Сегодня в Белграде хоронили Тито. Умер на 88-м году жизни. Телекомментатор Потапов сказал, что в похоронах принимают участие руководители ряда государств. В этом “ряду” около ста государств мира. Сказать об этом людям наши органы информации не могут. Точно так же не могут они оценить подлинное значение ушедшего человека и его мужественного дальновидного акта сорок восьмого года. <...>

Вспоминаю Йоле Станишича, его ненависть к Тито. Наверное, в его рассказах о репрессиях в Югославии была правда. Идеализировать Тито, обольщаться на его счет — нет нужды. Но история, надо думать, высоко оценит его бунт против сталинского деспотизма, смелость его разрыва со своим могущественным соседом и многолетним политическим руководителем.

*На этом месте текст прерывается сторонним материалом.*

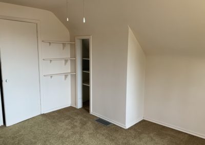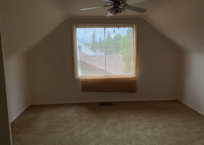 The following photos are of the north bedroom located on the second story. The first photo appears a little darker from the natural sunlight coming in through the window. You can see how bright the room is and the color of it in the second two photos.

Йоле Станишич — высокий, худой, порывистый, глаза черные, пламенные, шевелюра черная, пламенная; ныне он в Ленинграде, член Союза писателей, поэт. А тогда учился в Костромском пединституте, приходил ко мне в редакцию, приносил стихи в переводах Валерия Благово, кажется, однокурсника. Стихи были антифашистские, с проклятиями по адресу извергов и палачей; я не сразу понял, что эти проклятия посылаются Тито. Станишичу казалось, что мы разделяем его взгляды; во всяком случае, не замечал, чтобы он на этот счет сомневался; вроде бы это для него само собой разумелось. Как я понял, Станишич бежал из концлагеря в Румынию, а оттуда перебрался в Советский Союз. Однажды он рассказывал о том, как в лагере расстреливали: построили, выбрали через одного... Другой югославский костромской политэмигрант, Джурович, по сей день работает в Костроме. Он закончил с/х институт и работает на опытной станции, даже стал каким-то начальником. Но в нем и прежде не было той страсти, что в Станишиче. Он, кажется, меньше политик и более приспособленный человек. Думаю, что если в Советском Союзе есть какое-то антититовское югославское “движение”, то Станишич непременно к нему причастен; возможно, теперь он окажется в Югославии, чтобы бороться там, но вот вопрос: за что? За возвращение в лоно той церкви, из которой Тито вышел в сорок восьмом?..

10.5.80.

Вчера, в День Победы, как всегда, на проспекте Мира было многолюдно. Сначала возлагали венки к так называемому монументу Славы на площади Мира, а потом все шли к воинскому кладбищу, где похоронены умершие от ран в костромских госпиталях. Необычно много вчера было выведено на улицы войск; что-то я не припомню, чтобы был когда в Костроме такой крупный проход солдатских колонн по городу. И училище шло, и десантники, и, возможно, ракетчики... в сравнении с прошлыми годовщинами все меньше на улицах участников войны. Раньше были заметнее и инвалиды на колясках, и старушки, чьи-то матери... Теперь заметнее всего молодые и какие-то обезличенно средние — наши и за нами идущие — возраста... Мир меняется, там, где стояли и шли одни, стоят и идут совсем другие, а тех уже нет совсем. Все происходит незаметно; перемена в фигурах: одних кто-то смахнул, другие пока оставлены...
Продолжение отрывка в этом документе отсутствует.